Решение суда сторонам понятно? Оно может быть обжаловано в Великолуцкий уездный суд в двухнедельный срок… Слушается дело по иску гражданина деревни Потехино Ивана Ивановича Савченко к гражданину деревни Потехино Ивану Ивановичу Савченкову, в отнятии последним у первого сукотной овцы…
Мы явились в Щукино веселые, как воробьи. Мама встретила нас уже в «черных сенях»: «Да не может быть! Ну как же это?! И — слава богу!..»
Бабушка, уже на зимнем положении, сидела в комнате, называемой «тети Жениной», самой теплой.
— Ну что, что, что? — поднялась она нам навстречу из своего кресла, как какая-нибудь Ермолова.
— А ничего, бабунюшка! В иске отказать, дело прекратить! Кончено.
Минуту или две бабушка стояла посреди комнаты неподвижно, как изваяние. Потом без излишней торопливости (терпеть не могла никакой суеты) повернулась и подошла на несколько шагов к углу комнаты.
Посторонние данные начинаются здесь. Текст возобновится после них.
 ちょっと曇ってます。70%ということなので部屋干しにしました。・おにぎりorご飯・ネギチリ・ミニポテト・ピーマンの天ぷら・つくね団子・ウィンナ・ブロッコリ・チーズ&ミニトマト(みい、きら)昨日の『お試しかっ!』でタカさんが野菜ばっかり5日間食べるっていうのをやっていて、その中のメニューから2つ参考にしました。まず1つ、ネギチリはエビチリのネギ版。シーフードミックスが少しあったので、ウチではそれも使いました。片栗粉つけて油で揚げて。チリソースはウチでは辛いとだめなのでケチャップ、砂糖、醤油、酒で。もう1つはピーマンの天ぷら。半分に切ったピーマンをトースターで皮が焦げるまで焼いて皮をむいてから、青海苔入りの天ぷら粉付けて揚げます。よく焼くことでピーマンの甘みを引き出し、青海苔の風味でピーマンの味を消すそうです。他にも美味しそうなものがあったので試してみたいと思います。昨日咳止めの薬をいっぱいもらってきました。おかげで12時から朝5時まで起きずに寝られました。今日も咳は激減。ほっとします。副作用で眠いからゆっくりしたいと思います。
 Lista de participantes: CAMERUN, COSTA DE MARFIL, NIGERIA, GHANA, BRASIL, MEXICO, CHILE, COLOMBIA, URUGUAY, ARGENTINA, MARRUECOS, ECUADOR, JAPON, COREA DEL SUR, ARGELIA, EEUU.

Там, в этом углу, проходила на чердак довольно толстая вытяжная труба — высасывать астматол, который куривал прадедушка, а справа висела нельзя сказать «икона» — скорее римско-католическое изображение мадонны, кормящей грудью младенца Христа. Теперь бабушка (не переносить же сюда из мезонина на зиму «настоящие» образа) повесила возле этой полусветской дамы маленький образок нерукотворного Спаса. К нему она и пришла в тот угол.
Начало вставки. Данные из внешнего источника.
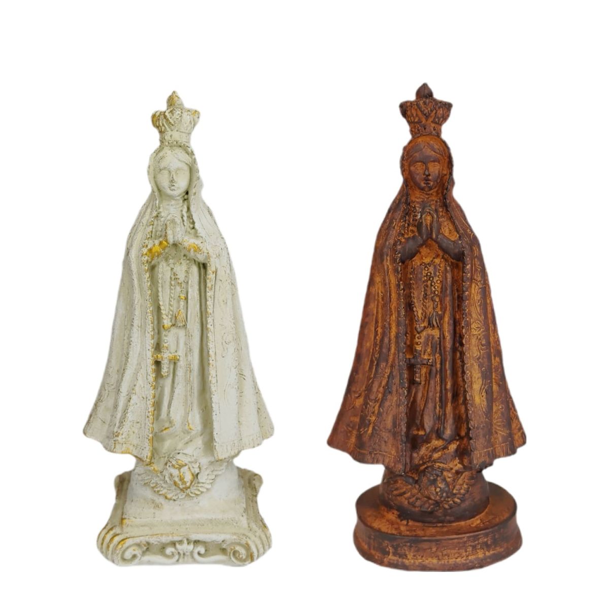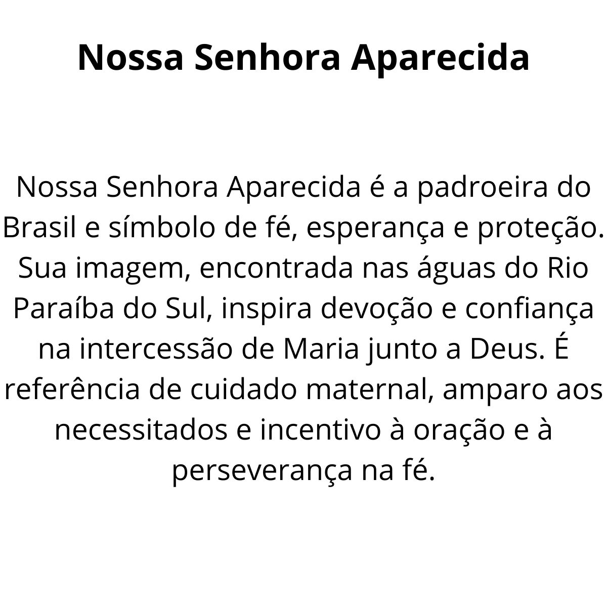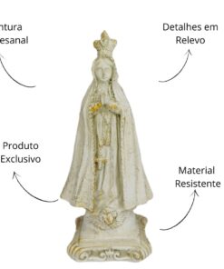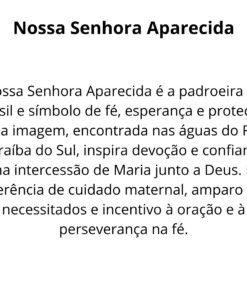 Nossa Senhora Aparecida, padroeira do Brasil, é a representação da Virgem Maria que, por meio de sua imagem encontrada nas águas do Rio Paraíba, se tornou símbolo de proteção, fé e intercessão para os brasileiros. Ela é venerada por milhões de devotos, especialmente por aqueles que buscam graça, saúde e paz em suas vidas. Esta imagem de Nossa Senhora Aparecida, feita em resina com pintura 100% artesanal, traz a devoção e a proteção dessa santa tão querida para o seu lar ou altar.

Теоретически рассуждая о боге, бабушка рассматривала себя как пылинку в руце его. Когда же ей приходилось вступать с ним в непосредственные отношения просьб или благодарностей, она — может быть, это только мне казалось — склонна была рассматривать его как бы в виде верховного предводителя дворянства, как бы в виде первого (может быть — Первого) среди равных.
Она могла не только смиренно умолять его о чем-либо, но и требовать того, что ей было по праву положено. По его же закону. И я почти уверен: с его стороны к себе, дворянке, она также ожидала встретить такое же уважение.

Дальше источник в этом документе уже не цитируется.